When I was a lad, my old man taught me a lot of stuff, straight off the top of his head. It didn’t matter that he’d left school in his mid-teens — he knew things.

I can remember, quite vividly, a car ride where I learnt about black holes (“gravitational fields so intense that not even light can escape” are the precise words he told me). I was four.

Then he explained in the simplest of terms what gravity is. And it was a lesson I’ve carried with me for more than 40 years.

So I’m always happy to answer my boys’ questions, as best I can. But these days, dads have got an electronic cheat sheet in their pockets.

There’s nothing that can’t be looked up on a smartphone in a matter of seconds, to satisfy a toddler’s curiosity about the world around them.

The moon is 384,400km away. The sun is 695,700km wide etc, etc…

But there’s another very common question that will test the patience of even the saintliest of dads. It’s a single word and it’s three letters long.

Why?

The other way toddlers learn is by asking a very simple question: “Why?”
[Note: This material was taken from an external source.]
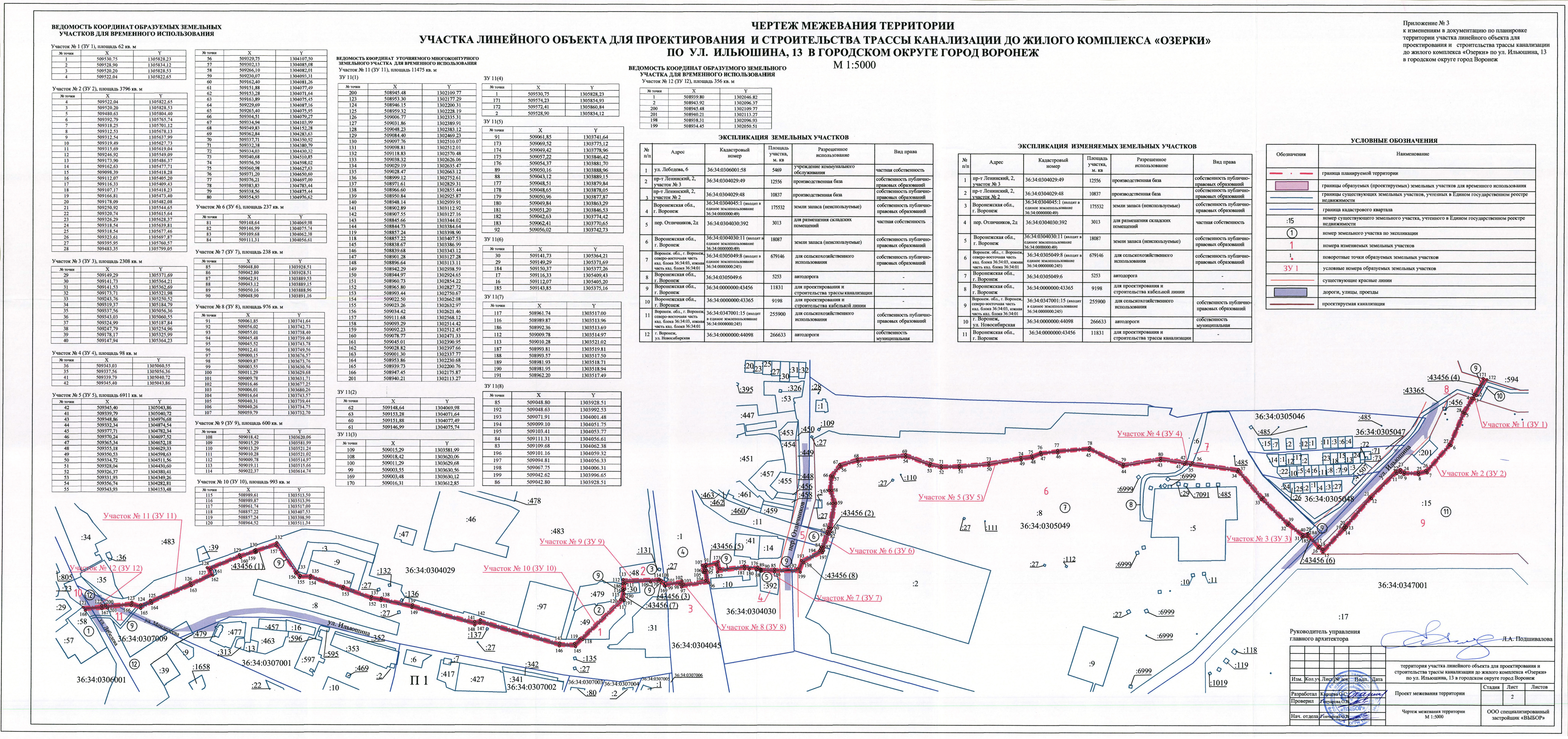 Чертеж межевания территории участка линейного объекта для проектирования и строительства трассы канализации до жилого комплекса «Озерки» по ул. Ильюшина, 13 в городском округе город Воронеж

They do it for a number of different reasons but mostly, according to every book on parenting I’ve ever read, because it’s pretty much guaranteed to elicit a response from Mum or Dad.

And so they will ask it. Over and over again until you’re just about ready to pound your head against the wall through sheer, unadulterated frustration.

And just when you think you’re about to blow a gasket in your brain, they’ll ask it again.

Both of my boys did this, and both of them frayed my admittedly short temper a least two or three times a week with this form of incessant questioning.

“Put your sandals on, buddy…”

“Why?”

“Because we’re going to the park!”

“Why?”

“So we can kick the soccer ball around…”

“Why?”

(It’s at this point you should resist the urge to point out that we’re going to the park to kick the soccer ball around “because you f*cking asked me to take you to the park to kick the soccer ball around about two f*cking minutes ago, goddammit!”)

It’s like trying to live with a voice outside your head that doesn’t know when it’s time to quit.

How do you deal?

This is a tip from my mother-in-law. She’s got more than 30 years’ experience in early childhood education, and is just about the most patient woman I’ve ever met.

One evening over a glass of wine, I started venting my frustrations about being a dad — and in particular, how I was struggling to deal with every single statement I uttered to my boys being met with the question “why?”

She said the best way to defuse it was to spot the right question that I could turn back on the kids.

When they ask “why”, I’d ask them “why do you think?”

This approach serves a couple of different purposes aside from simply defusing the situation.

It helps your kids feel like they’re being engaged with, and that they’re part of the conversation.

But most importantly, it gives them a chance to think the situation through, and provide themselves with the answer which is a vital stage of learning critical thinking skills.

For the first few months, both my boys would offer up reasoning, which was alternately right on the money, or so hilariously off-track that it was genuinely amusing.

We all learned valuable lessons, with that one simple trick.